(Excerpted records Opens)

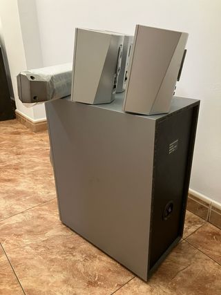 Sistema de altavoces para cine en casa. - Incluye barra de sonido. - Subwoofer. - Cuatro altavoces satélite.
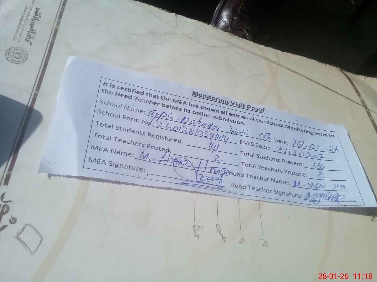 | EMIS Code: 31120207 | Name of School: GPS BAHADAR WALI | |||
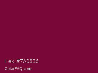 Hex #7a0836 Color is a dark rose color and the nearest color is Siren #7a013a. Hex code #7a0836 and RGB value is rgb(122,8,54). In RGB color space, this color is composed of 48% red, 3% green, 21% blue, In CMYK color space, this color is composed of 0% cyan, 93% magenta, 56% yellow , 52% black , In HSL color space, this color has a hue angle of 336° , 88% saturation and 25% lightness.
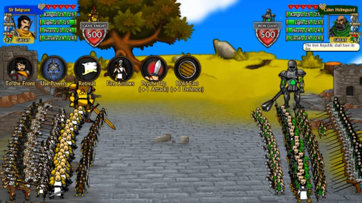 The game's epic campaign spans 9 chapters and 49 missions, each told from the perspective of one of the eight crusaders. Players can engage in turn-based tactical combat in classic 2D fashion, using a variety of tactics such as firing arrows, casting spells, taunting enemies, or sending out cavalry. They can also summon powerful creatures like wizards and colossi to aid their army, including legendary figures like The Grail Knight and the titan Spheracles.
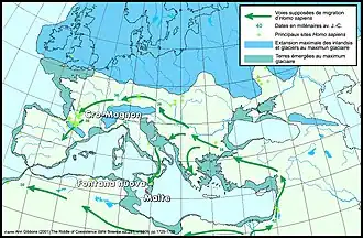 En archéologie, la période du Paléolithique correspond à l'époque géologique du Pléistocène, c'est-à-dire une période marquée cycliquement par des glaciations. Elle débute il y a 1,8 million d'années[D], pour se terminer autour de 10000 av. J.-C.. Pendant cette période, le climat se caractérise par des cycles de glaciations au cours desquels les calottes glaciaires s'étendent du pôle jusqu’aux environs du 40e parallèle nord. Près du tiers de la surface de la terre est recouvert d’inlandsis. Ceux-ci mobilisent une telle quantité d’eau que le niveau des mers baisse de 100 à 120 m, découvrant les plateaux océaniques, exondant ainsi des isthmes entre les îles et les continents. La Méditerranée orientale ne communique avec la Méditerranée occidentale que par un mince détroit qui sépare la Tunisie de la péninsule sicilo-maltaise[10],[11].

(Excerpted records Closes)

Work request: Verbatim copy, pictures excluded: output the lines from the first line of the records above through the line containing "Hex #7a0836 Color".

Answer to this task:
 Sistema de altavoces para cine en casa. - Incluye barra de sonido. - Subwoofer. - Cuatro altavoces satélite.
 | EMIS Code: 31120207 | Name of School: GPS BAHADAR WALI | |||
 Hex #7a0836 Color is a dark rose color and the nearest color is Siren #7a013a. Hex code #7a0836 and RGB value is rgb(122,8,54). In RGB color space, this color is composed of 48% red, 3% green, 21% blue, In CMYK color space, this color is composed of 0% cyan, 93% magenta, 56% yellow , 52% black , In HSL color space, this color has a hue angle of 336° , 88% saturation and 25% lightness.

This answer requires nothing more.